Fill Node
The Fill Node, as its name suggests, is used to fill the empty (NULL) values of the source column.
The user can decide the way it fills them, by choosing one of these functions:
- FIRST_VALUE function → replaces Null with the first non Null value in its Partition
- LAST_VALUE function → replaces Null with the last non Null value in its Partition
- NTH_VALUE function → replaces Null with the Nth non Null value in its Partition
- AVG function → replaces Null with the Average non Null value in its Partition
- CONSTANT function → replaces Null with a Constant value you choose. (For example you could replace NULL with 0 or any value)
For instance, let's assume we have these data input here:
As you can see we have 2 NULL values for id 3 and 5, and we want to fill these empty values programmatically.

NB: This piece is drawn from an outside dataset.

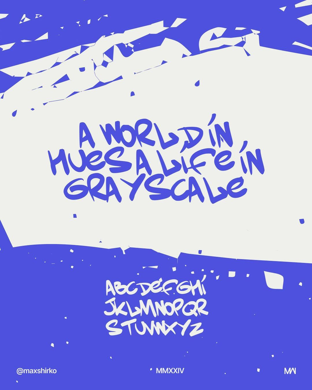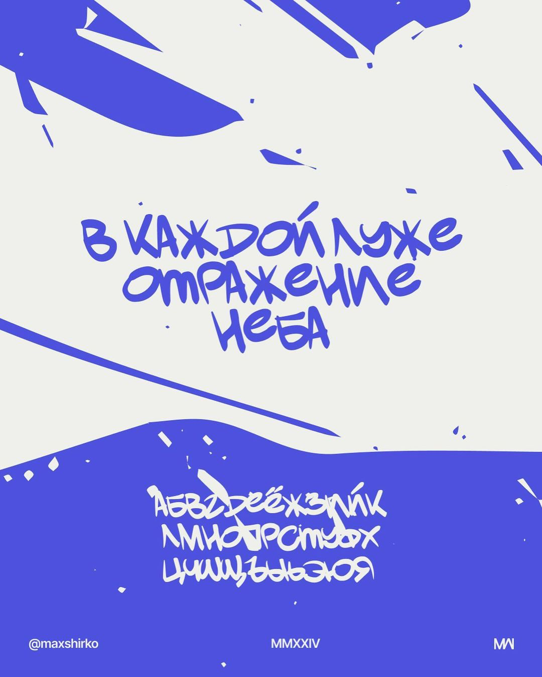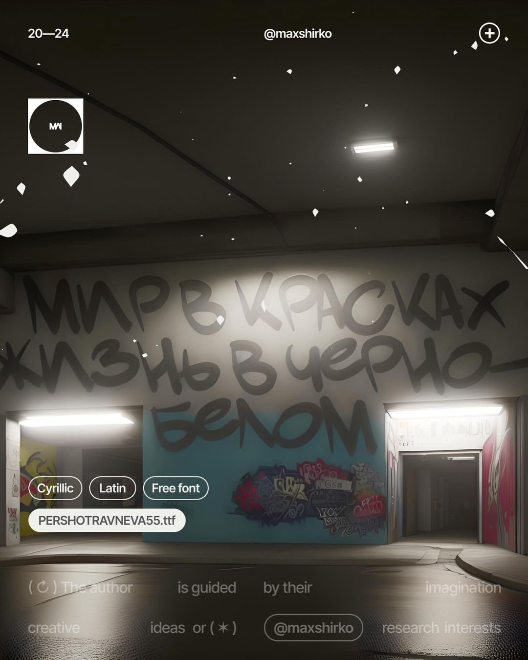 Это что-то из обрывков воспоминаний о тегах на стенах, о исписанных полях в тетрадках, любимых маркерах и несбывшихся мечтах рисовать стритарт. Акцентный, наглый, бунтарский и наивный шрифт Pervomayskaya55

We could fill them with the first non NULL value (FIRST_VALUE function) of the Category by partitioning the data into categories and ordering by ID:
As you can see we just replaced NULL with he first value of its category partition, and we could apply the same filling logic using the other filling functions mentioned in the beginning of the article.
Setting up your Fill Node
In order to set it Up the user must Connect the Fill node with any Node:
Then open the Fill node and do the following:
1- Define the Target Column. If you want the data to appear in a new column you should type a new column name. Otherwise you can choose to place the filled data into an existing column by selecting that column as the target column.

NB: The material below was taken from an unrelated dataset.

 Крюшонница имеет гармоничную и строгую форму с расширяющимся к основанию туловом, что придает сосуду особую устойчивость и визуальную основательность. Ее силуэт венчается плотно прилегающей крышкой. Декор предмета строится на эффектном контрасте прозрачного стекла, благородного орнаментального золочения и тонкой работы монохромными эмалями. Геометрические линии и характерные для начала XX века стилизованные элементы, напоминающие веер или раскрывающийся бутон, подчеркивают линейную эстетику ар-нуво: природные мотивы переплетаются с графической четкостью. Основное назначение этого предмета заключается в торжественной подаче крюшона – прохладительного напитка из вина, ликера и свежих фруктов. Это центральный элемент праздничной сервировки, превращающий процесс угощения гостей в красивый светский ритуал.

2- Select the Source Column. This should be the column that contains the NULL values.
3- Select Fill Type function. Here, you may select the criteria by which the NULL values is going to be filled.
4- Select the Partition By Column/s. (Optional)
This step is optional. Here we can group by an other column's values, as in our example by categories which had values "a", "b". If we choose to not partition the data all the set of data will be taken as it is without being grouped.
5- Select the Order By Column/s. (Optional)
This step is optional. Here we can order the data set by a desired column's values (as in our example by ID ascending). If we choose to not order the data the order of the data set will be taken as it is.
Note: Please take into consideration that steps 4 and 5 are important for choosing the right value (having control) you want to fill NULL with.
If you choose to Fill with Constant there is no point of doing step 4 and 5 because the result will be the same even if you don't do these steps.
Once you're done with this transformation, you can either perform further transformations or, if you want to export the new data table, click Commit Model.